— The problem —
Pictures aside, please retype the whole listing word for word.
=== Section Start ===
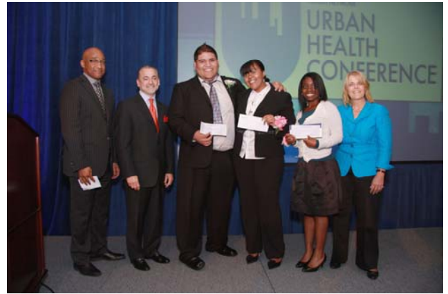
Scholarship winners, UHC
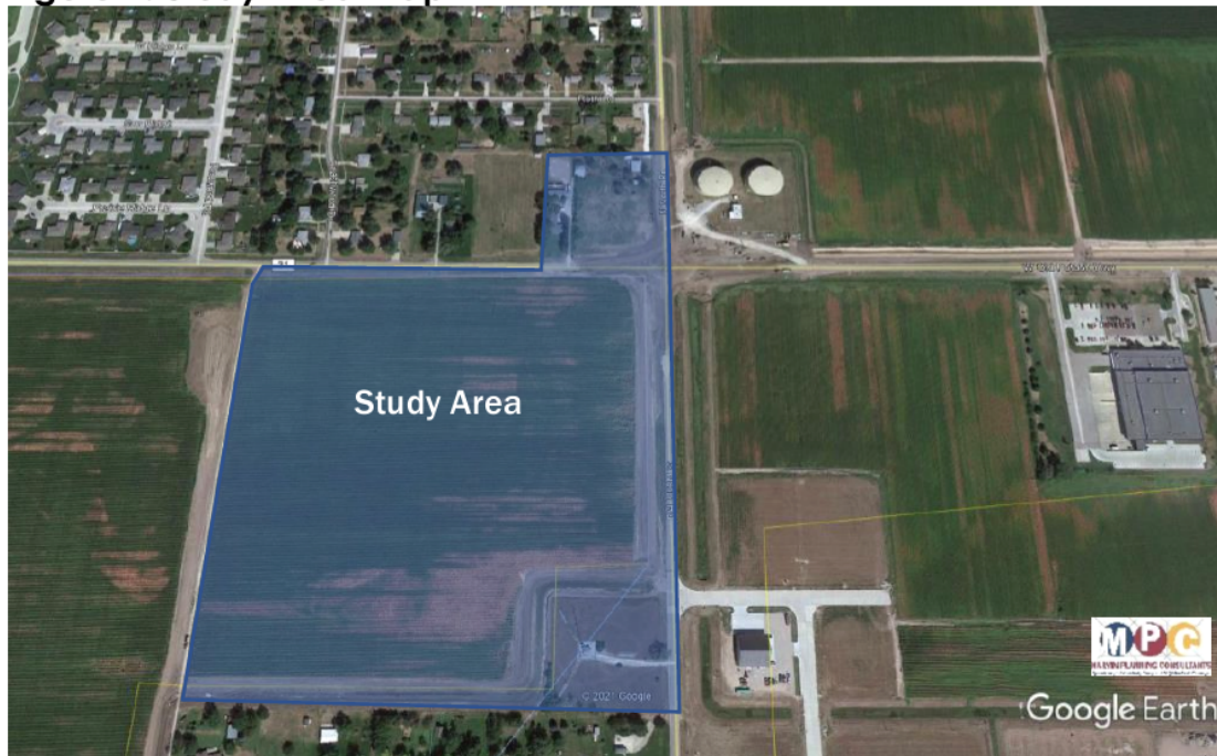
Figure 1: Study Area Map
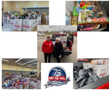
Toys for Tots collection drive, November-December 2022
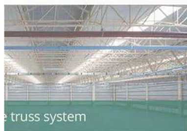
e truss system
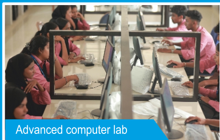
Advanced computer lab
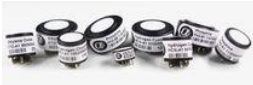
Electrochemical toxic gas sensor C 2 H 4 O, HCl, HBr, HCN, PH 3 , NH 3 ,
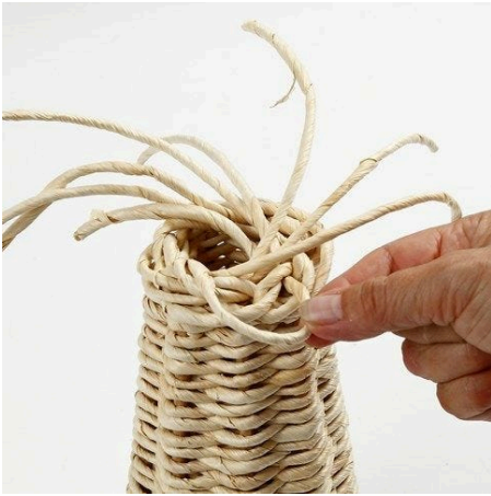
16. From the inside take out every maize cord and push it in again through the 3rd loop. Tighten.
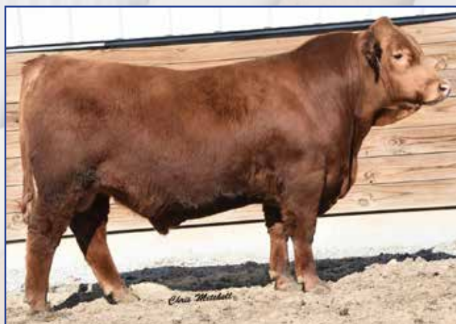
LOT 90 • DBRG 9115G

This bull combines 2 of the best cow families we have had in L643 and 248Z. We are still flushing 248Z. This bull has checked all of the boxes. His dam has a great udder, he ratio'd 121 for IMF. He is a heifer bull that still is in the top 20% for marbling. This is a red balancer bull we would like to AI to and use in our program.
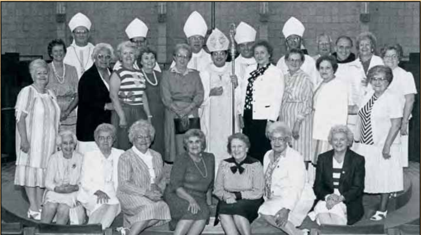
National Board members, branch officers, members, and clergy pictured at the dedication of the Abbey Church under the title St. Andrew Svorad, Cleveland, Ohio, August 19, 1986.
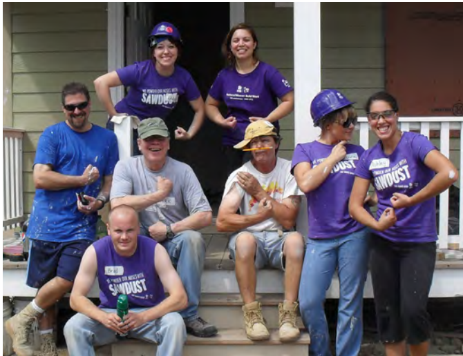
(Top L) Brighton High School students volunteering on Martin Luther King Jr. Day - Brighton High School along with McQuaid High School will be building a house in 2014. (Top R) Erie Insurance Employees took turns in the excavator at the ground breaking of their sponsored home on Jay Street. (Bottom) LaBella Associate's volunteer working on the 2012 Women Build house.
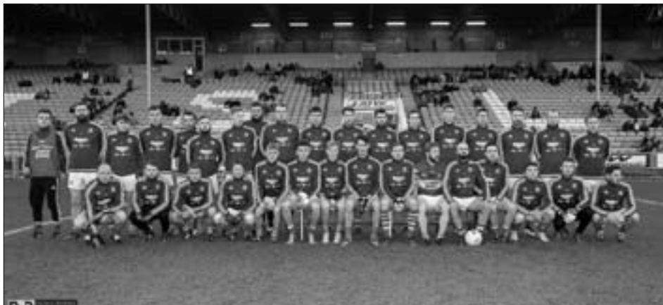
Portlaoise Senior Football Champions 2015
=== Section End ===
— Output for this task —
Scholarship winners, UHC
Figure 1: Study Area Map
Toys for Tots collection drive, November-December 2022
e truss system
Advanced computer lab
Electrochemical toxic gas sensor C 2 H 4 O, HCl, HBr, HCN, PH 3 , NH 3 ,
16. From the inside take out every maize cord and push it in again through the 3rd loop. Tighten.
LOT 90 • DBRG 9115G

This bull combines 2 of the best cow families we have had in L643 and 248Z. We are still flushing 248Z. This bull has checked all of the boxes. His dam has a great udder, he ratio'd 121 for IMF. He is a heifer bull that still is in the top 20% for marbling. This is a red balancer bull we would like to AI to and use in our program.
National Board members, branch officers, members, and clergy pictured at the dedication of the Abbey Church under the title St. Andrew Svorad, Cleveland, Ohio, August 19, 1986.
(Top L) Brighton High School students volunteering on Martin Luther King Jr. Day - Brighton High School along with McQuaid High School will be building a house in 2014. (Top R) Erie Insurance Employees took turns in the excavator at the ground breaking of their sponsored home on Jay Street. (Bottom) LaBella Associate's volunteer working on the 2012 Women Build house.
Portlaoise Senior Football Champions 2015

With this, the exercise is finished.